At the request of some of our regulars, I am posting two pictures from the recent paint war battle referenced earlier. To avoid embarrassment to my fellow soldiers, I have not posted their own battle-scared images.
It is of course difficult to see photos from this period without feeling a sense of guilt that I survived intact while others did not. Indeed, I often wake up at night seeing my dearest friend Tom falling in slow motion backward from a belly wound — screaming with a sense of surprise bordering on wonderment. (Shortly after this picture was taken as my team was clearing a town of insurgents, I was ambushed by Tom who shot me at close range after charging my position. We fired simultaneously –resulting in a tragic yet inspiring scene for all of the eleven-year-old boys.).

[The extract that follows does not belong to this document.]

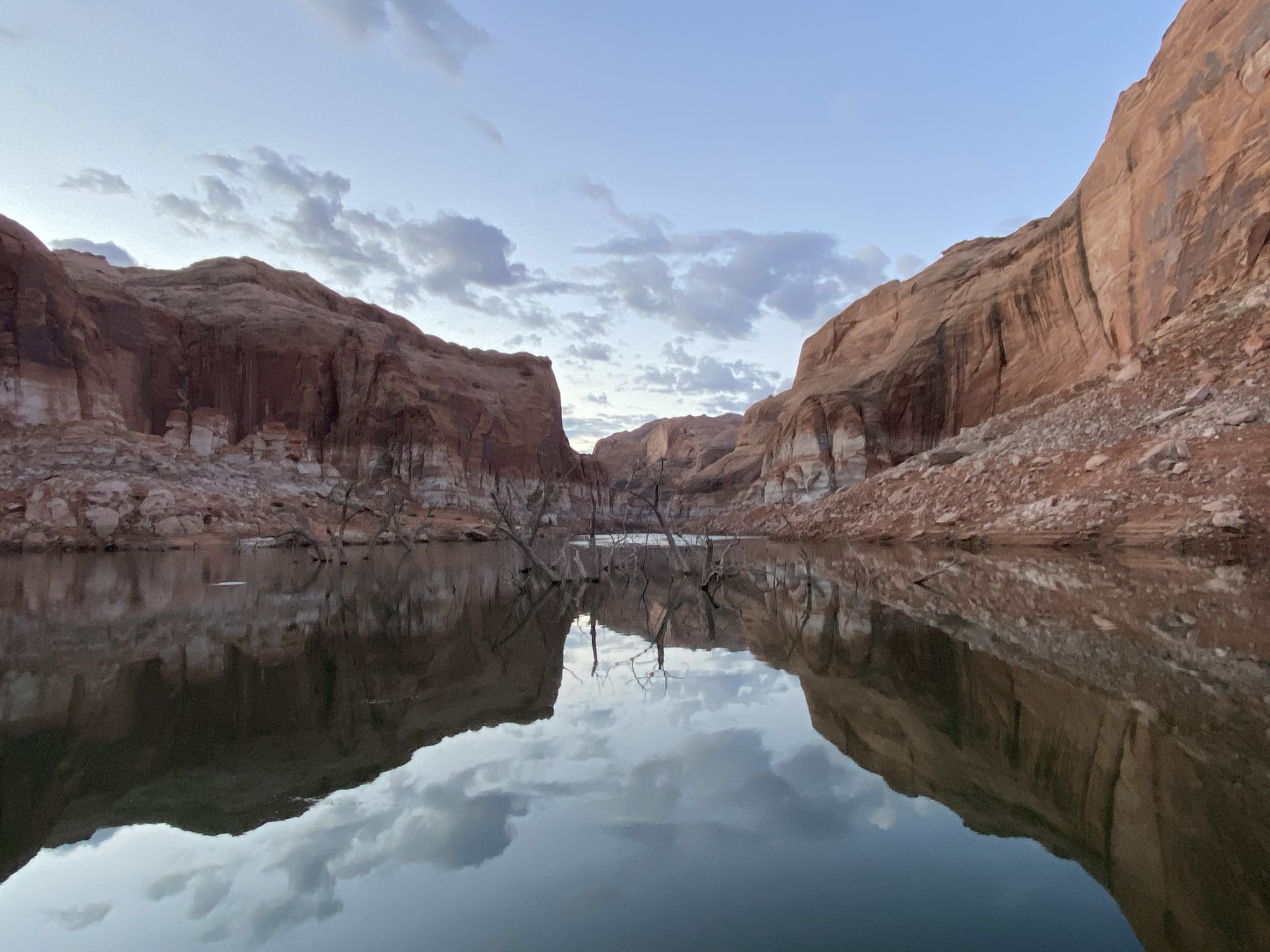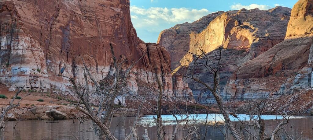 We stumbled upon a beautiful canyon spot to call home for the night. With the dogs happily exploring their new surroundings, Bill and I embarked on a kayaking adventure down the canyon, marveling at the eerie beauty of dead trees protruding from the water. It served as a poignant reminder of Lake Powell’s past before it was flooded, adding a layer of depth to our journey.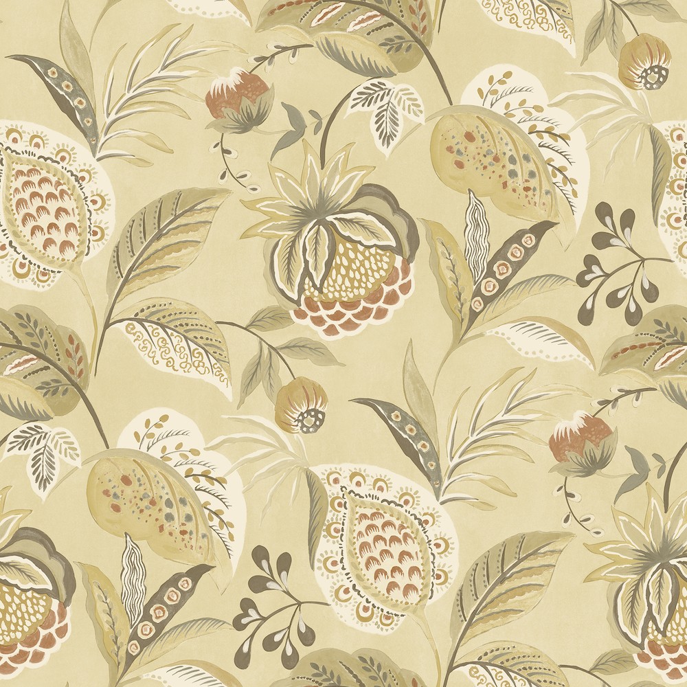 Bohemian Jacobean's inviting and painterly take on the classic pattern features a warm palette of yellows, light brown, terracotta, and cream. Bohemian is a prepasted, sure strip wallpaper measuring 20.5 inches wide by 33 feet long, covering approximatelyAbout 56.4 square feet per roll

I for one will always try to remember my colleagues as they were then. We were all just kids really (well I was in my forties) but they were kids from the rough streets of Alexandria and McLean . . . Alex, Liam, Benny, Colin, Mattie, and the rest. They grew up fast — developing that 1000 yards stare of boys who had seen it all. To paraphrase Oliver Wendell Holmes, “Through our great good fortune, in our youth our hearts were touched with paint balls. . . .We have shared the incommunicable experience of war; we have felt, we still feel, the paint of life to its top.” Obviously, it was hard to return home “to the world” after seeing what we had seen. People just do not understand. Perhaps that is why we are going back for Ben’s birthday.
To again paraphrase, we are left with the words of Robert E. Lee that “It is fortunate that paint war is so terrible, lest we become to fond of it.”